Posted: Wed 1st Jul 2020

Airbus: Boris Johnson ‘must step up to the plate’ and support UK aerospace workers says union

News and Info from Deeside, Flintshire, North Wales
This article is old - Published: Wednesday, Jul 1st, 2020

Airbus announced on Tuesday that it is looking to cut 15,000 of its global workforce, the largest downsizing in the company’s history.

1,727 Jobs will go across Airbus UK operations including at its largest factory at Broughton and Filton in Bristol.

1,116 UK manufacturing jobs will be lost alongside 611 office-based jobs as Airbus seeks to shrink its workforce by 15 percent.

Airbus has said its commercial aircraft business activity has dropped “by close to 40 per cent in recent months as the industry faces an unprecedented crisis” and aircraft production rates have been adapted accordingly.

“Airbus is facing the gravest crisis this industry has ever experienced,” chief executive, Guillaume Faury, said in a statement Tuesday. “We must ensure that we can sustain our enterprise and emerge from the crisis as a healthy, global aerospace leader, adjusting to the overwhelming challenges of our customers.”

A union has described Airbus’s decision ‘another act of industrial vandalism’ against the country’s under-attack aerospace sector.

Calling on the UK government to “stop watching from the sidelines while a national asset is destroyed” Unite Union said that No 10 must “step up to the plate”, just as leaders in France and Germany have, to protect the sector.

While jobs are also going in France, Spain and Germany, “extended government job retention programmes in those countries of up to 24 months means that no jobs will be lost in those countries in the immediate term.” Unite has said.

Earlier this month Airbus CEO Guillaume Faury suggested the workforce in Britain is more vulnerable to cutbacks than French and German counterparts because the UK furloughing scheme is set to be downgraded shortly.

He said he “regretted” the UK decision to end the scheme, under which the state pays 80 per cent of laid-off workers’ pay up to £2,500 a month, in October.

Around half the workforce at Broughton have been furloughed over a phased period. 

Unite assistant general secretary Steve Turner said:

This is yet another act of industrial vandalism and a terrible insult to our incredible UK workforce who deserve so much better from our government.

Over the weeks of this crisis, this country’s aerospace jobs have gone hand over fist yet not one word of support or act of assistance has been forthcoming from the government.

The UK government is watching from the sidelines while a national asset is destroyed.

The only words uttered by the government in relation to UK aerospace during this entire crisis came out of the blue today in relation to the prime minister’s UK-made ‘Jet Zero’ project.
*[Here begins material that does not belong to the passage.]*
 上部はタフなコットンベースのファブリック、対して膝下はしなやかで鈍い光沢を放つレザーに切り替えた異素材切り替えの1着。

But while our world-class industry is shedding skills and workers at the present rate, this project will be nothing more than a PR fantasy.

The prime minister and his team must step up to the plate. UK aerospace workers deserve the same support and investment that Mr Macron and Ms Merkel provide to their workers. Airbus workers in France and Germany have up to two years to work to fend off their redundancies and turn their businesses around while in the UK the axe falls with immediate effect.
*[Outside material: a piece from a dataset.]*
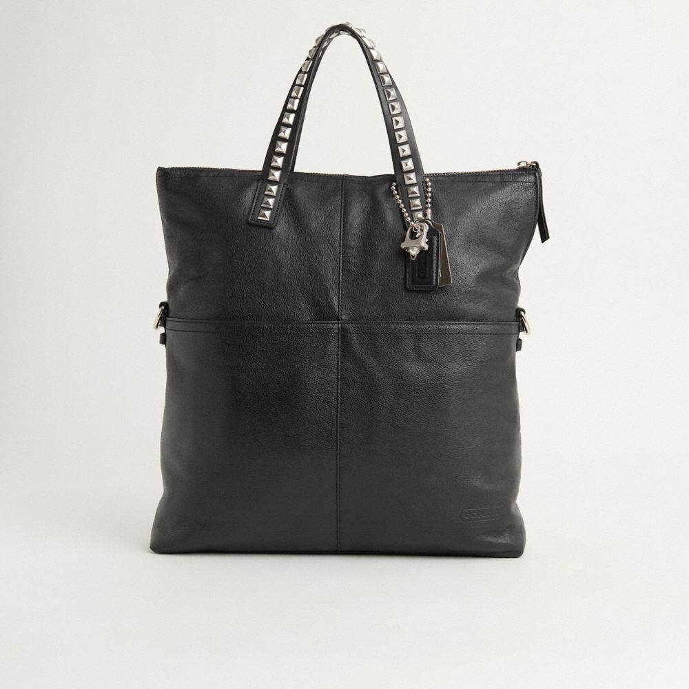 Reimagined by Rose Oliva with silvery pyramid studs for an industrial-inspired edge, this take-everywhere style has been expertly cleaned, conditioned and restored. Our talented craftspeople Jose Reyna and Yngrid Pichardo Baez hand-decorated the handles with polished studs, painted the zipper pull and handles, spot-painted the corners and bottom, repaired the zipper gusset edgestain, then added a playful repurposed charm. Messenger meets tote in a very modern silhouette made with old-world craftsmanship and luxury materials: soft, fine-grained leather trimmed with very premium Italian belt leather for the handles and strap.
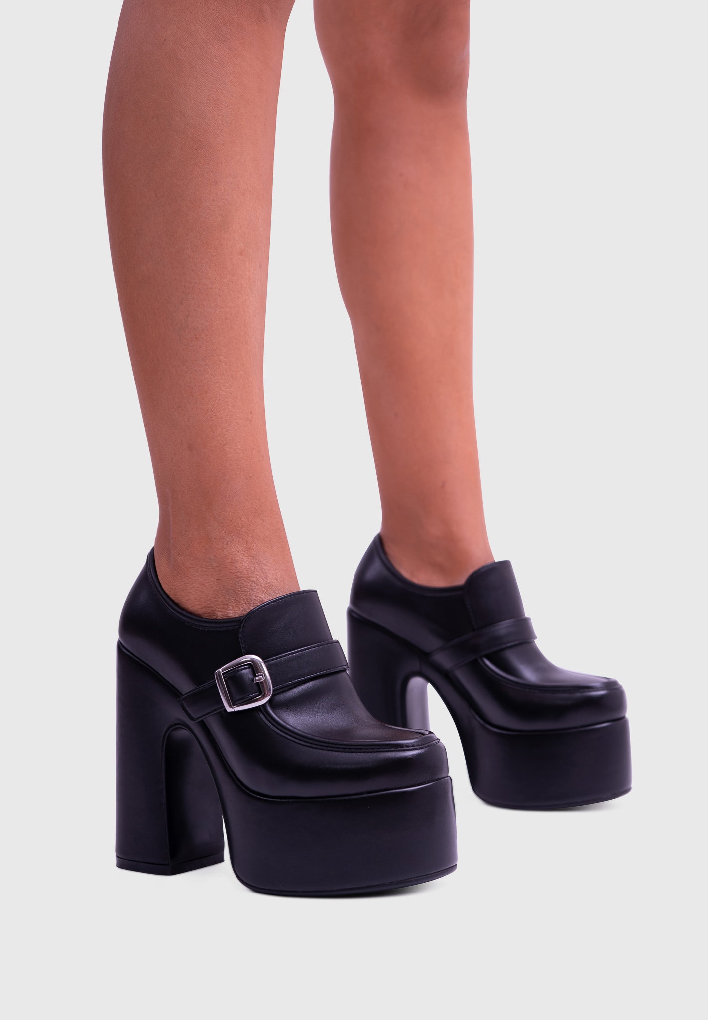 GAZE Noir – Mary Jane à plateforme, talon large, avec boucle carrée

Secretary of State for Wales Simon Hart called on the Welsh government to ‘link arms’ with the UK government, he told BBC Radio Wales

We’ve been talking to Airbus regularly, all the relevant UK government departments have done. I did yesterday .

We’ve been paying one in three workers for the last three or four months through the furlough scheme.

We’ve put probably four and a half billion quids worth of cash into the system, for Welsh Government to help Welsh Government get through the process.

This is about people’s jobs, and livelihoods we put 10 billion quid into this [aerospace] industry in the last year, because we believe in trying to preserve as many jobs as we possibly can and many businesses in Wales as we possibly can.

So I think if there’s ever a moment for Welsh government to say, ok lets link arms with UK Government for a common cause now is that moment.

Leader of Flintshire County Council Ian Roberts said he would like to hear assurances there will be a  “two government approach” to the Airbus jobs crisis locally. He said:

I think too often governments blame each other and so on. I note that France has given 15 billion euros to its aircraft industry, and they regard this as being particularly important.

We need a regional approach that involves both governments, this is a few miles from the English border a Chester that many workers will live in England, on the Wirral and as far as Liverpool.

So we want a regional approach to this by involves Flintshire and other local authorities, but most importantly both governments.